Prague Monitor on November 19, 2012, reported that a total of 223 people have received the status of resistance fighters since the law on anti-communist resistance took effect a year ago, Czech Republic Defense Minister Alexandr Vondra (Civic Democrats, ODS) told reporters.
The state has paid 15.2 million crowns in total to the resistance fighters, and 900,000 crowns to their closest family members.
The Defence Ministry, which is in charge of the agenda, has received 3714 applications for the resistance fighter status. It has rejected 424 of them so far, Vondra said.
Vondra on the occasion presented the certificate decrees to 14 newly recognised resistance fighters and to another six in memoriam.
“By joining resistance movement, the people put their lives and health at stake and ran a huge risk. They deserve our big thanks for it,” Vondra said.
The highest number of people have been recognised as resistance fighters for their anti-communist activities in the 1950s.
The second largest group includes people awarded for their resistance activities in 1948-1949.

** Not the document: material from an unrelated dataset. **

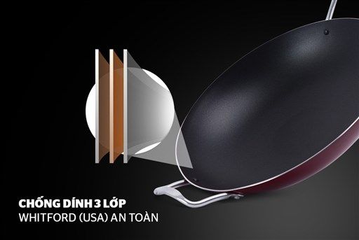 - Lòng chảo sâu, phủ chống dính cao cấp: Lòng chảo trơn nhẵn, phủ 3 lớp chống dính Whitford (USA) ít bám dầu, không dễ bong tróc.

A high number of them were printing and spreading anti-communist leaflets, illegal magazines and samizdat literature.
Many resistance fighters were couriers, recruited by Western intelligence services, guides who helped people cross the border to the West and agents of the democratic countries’ secret services.
In connection with people’s applications for freedom fighter status, historians unveiled a number of new resistance groups of the existence of which they did not know before, Eduard Stehlik, from the Institute for the Studies of Totalitarian Regimes (USTR), said.
The historians also gained new information about other members of well-known groups, he said.
The law on the third resistance symbolically took effect on November 17, 2011, the anniversary of the late 1989 Velvet Revolution in Czechoslovakia. It defines various types of anti-communist struggle and resistance. It prevents the freedom fighter status from going to people who worked with the communist secret forces, were members of the Communist Party or its paramilitary units People’s Militia and of the communist-controlled National Front’s action committee.
Surviving anti-communist resistance fighters are each entitled to compensation of 100,000 crowns, their widows and relatives of the dead receive 50,000 crowns.